Louis Garzone, 63, has not been charged or named in an indictment. He
has declined to comment.
A source familiar with the Brooklyn investigation said the Philadelphia
D.A.'s office had not contacted the Brooklyn D.A.'s office about the
probe.
Last month, Michael Mastromarino, owner of Biomedical Tissue Services,
Inc.; his business partner, and two tissue-recovery workers were
charged by a Brooklyn grand jury with harvesting body parts without
legal consent and with taking tissue from cadavers in unsanitary
conditions and without proper screening for disease.

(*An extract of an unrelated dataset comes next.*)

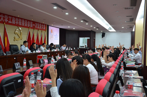 2016年8月31日上午,工商公司第一次党员大会在崇德楼115会议室胜利召开。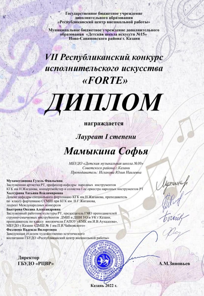 VII Республиканский конкурс исполнительского искусства "FORTE" - Мамыкина Софья - I место

All four have
pleaded not guilty.
A former Biomedical employee, Kevin Vickers, told the Daily News in a
report last week that he dissected dozens of corpses inside Louis
Garzone's funeral home during the last two months of 2004.
After harvesting spines, veins, tendons and bones, the recovery
technician said, he brought them in plastic bags on ice to Biomedical.

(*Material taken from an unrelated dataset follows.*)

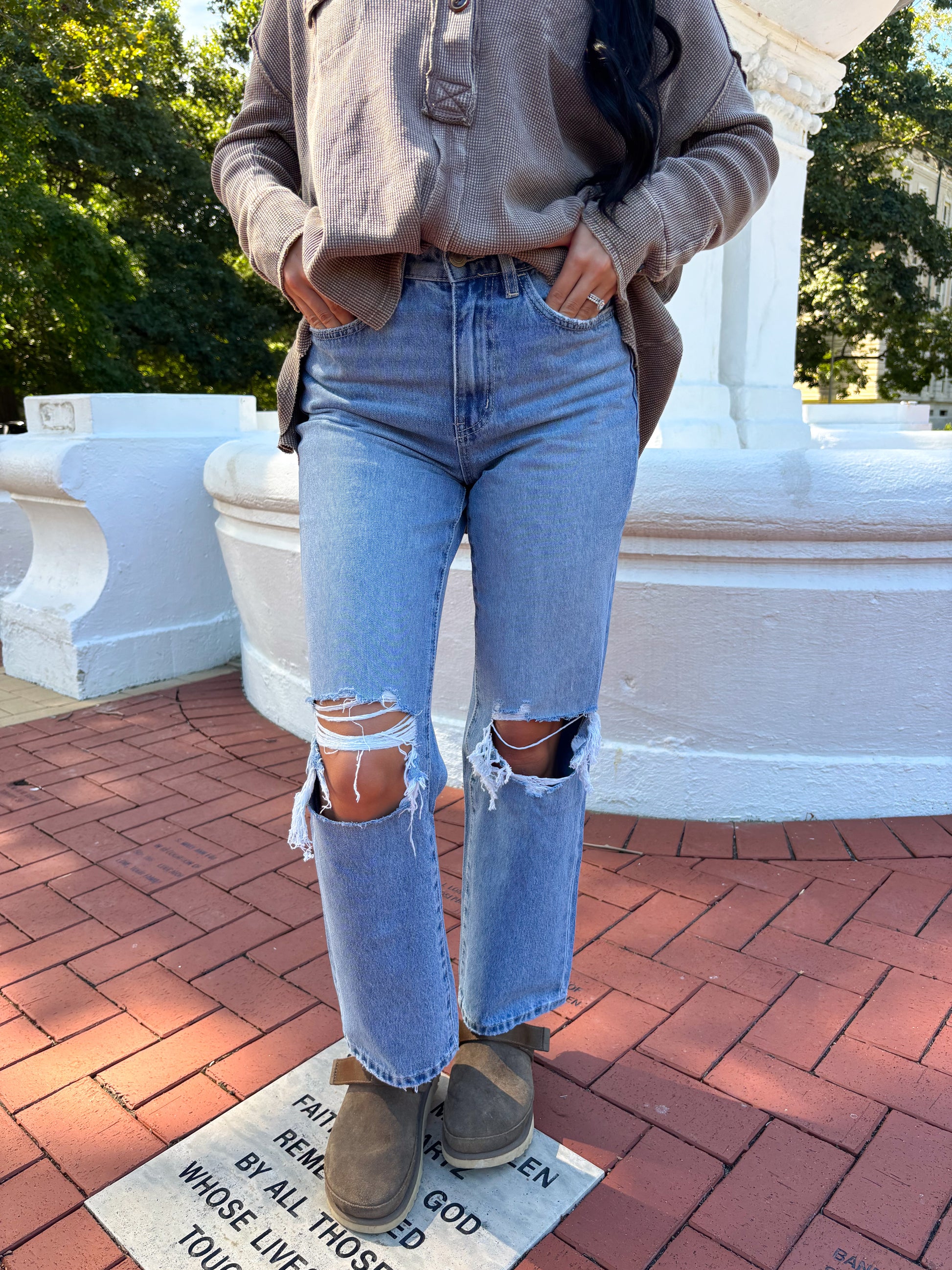 Introducing our 90s Super High Rise Dad Jeans - the ultimate blend of comfort and style! With a relaxed fit, no stretch material, and trendy distressed detail, these jeans are perfect for any casual occasion.

Mastromarino's lawyer, Mario Gallucci, said the Louis Garzone home was
the only Philadelphia facility supplying body parts.
A source familiar with the investigation said the home had sold bodies
to Biomedical since early 2004.
Gallucci has said Mastromarino relied on funeral directors to screen
bodies for disease and to receive family permission for tissue
harvesting.
The Brooklyn indictment charged Mastromarino and others with forging
death certificates and consent forms by altering the deceased's age and
cause of death.
At least 16 patients from six Philadelphia-area hospitals and about 75
from two New Jersey shore hospitals have been notified they received
potentially tainted tissue in recent surgeries.

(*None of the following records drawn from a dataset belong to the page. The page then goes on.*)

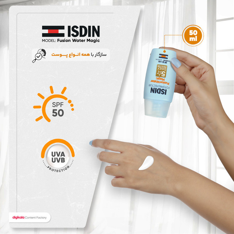 ضد آفتاب ایزدین با بافتی فوق العاده سبک و فینیشی ابریشمی است. با فیوژن واتر MAGIC SPF50 از پوست خود محافظت کنید. به راحتی با پوست ترکیب می شود و محافظت بالایی در برابر اشعه های خورشید دارد. همچنین خاصیت مرطوب کنندگی و اثر آنتی اکسیدانی برای پوست ایجاد می کند. به سرعت جذب پوست میشود و اثر چربی روی پوست باقی نمی گذارد و چشم را تحریک نمی کند. این محصول غیر کومدون زا و بدون چربی نیز میباشد.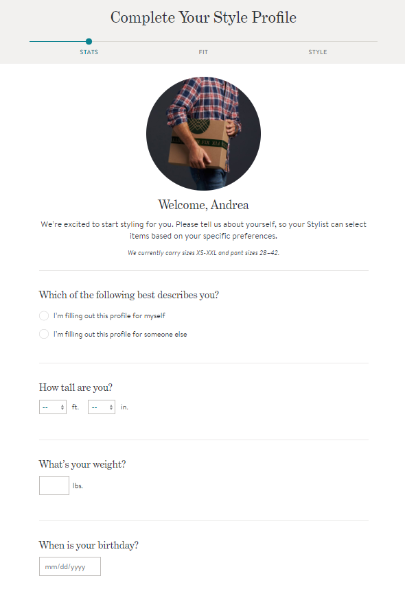Por último, el mundo de los datos en relación con los intereses de las personas. Un amplio segmento de informaciones fundamental en el B2C. Con los formularios de perfilado y páginas de aterrizaje puede pedir a tus clientes y posibles clientes algunas informaciones que puedes aprovechar para preparar comunicaciones personalizadas. Pongamos por ejemplo un e-commerce de prendas de vestir: Stitch Fix pide a cada nuevo suscrito que rellene una página formada por tres fichas: Stats (las medidas del cuerpo), Fit (las preferencias de corte de las prendas: slim, regular, skinny…), Style (las preferencias de estilo: business, casual, formal, night-out…).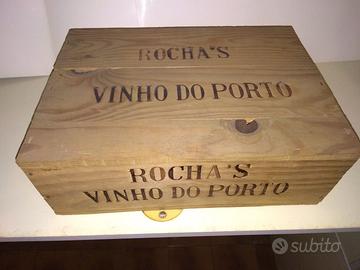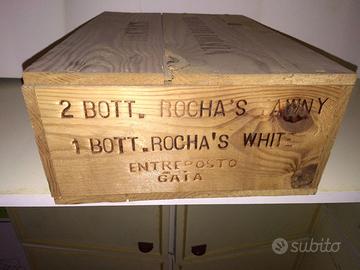 Vendesi cassa di Vino Porto pregiatissimo. La cassa in legno è perfettamente conservata come pure le tre bottiglie al suo interno. La confezione contiene 2 bottiglie di Vino Porto Rocha's Tawny ed 1 bottiglia di Vino Porto Rocha's White (vini pregiatissimi risalenti agli anni '70-'80, perfettamente sigillati). Trattativa riservata.

The FDA ordered the recall of tissue from Biomedical and at least five
vendors in October and continues to urge patients to receive blood
tests for HIV, hepatitis B and C, syphillis and other diseases. At the
same time, the FDA says the risk of infection is low.
Meantime, civil lawsuits from Oklahoma to New York are flooding the
courts on behalf of patients who received potentially tainted tissue
and families who gave no consent to have their loved ones' body parts
removed.
In general, local hospitals have not been named in the patients'
lawsuits.
"We think the responsibility rests with the people who harvested the
human tissue and with the companies that had obligation to test," said
Philadelphia attorney Aaron Freiwald. "The doctors and the hospitals
had good reason to rely on these companies to provide them with a safe
product."
Five Philadelphia-area hospitals have acknowledged that their patients
received potentially contaminated tissue from Biomedical, or their
suppliers.
Four patients from Albert Einstein Medical Center and one from Abington
Hospital have been notified, along with eight from Jefferson and one
apiece at Hahnemann and Temple.
With an additonal case from Holy Redeemer Hospital in Eastern
Montgomery County, there are 16 known cases in the area.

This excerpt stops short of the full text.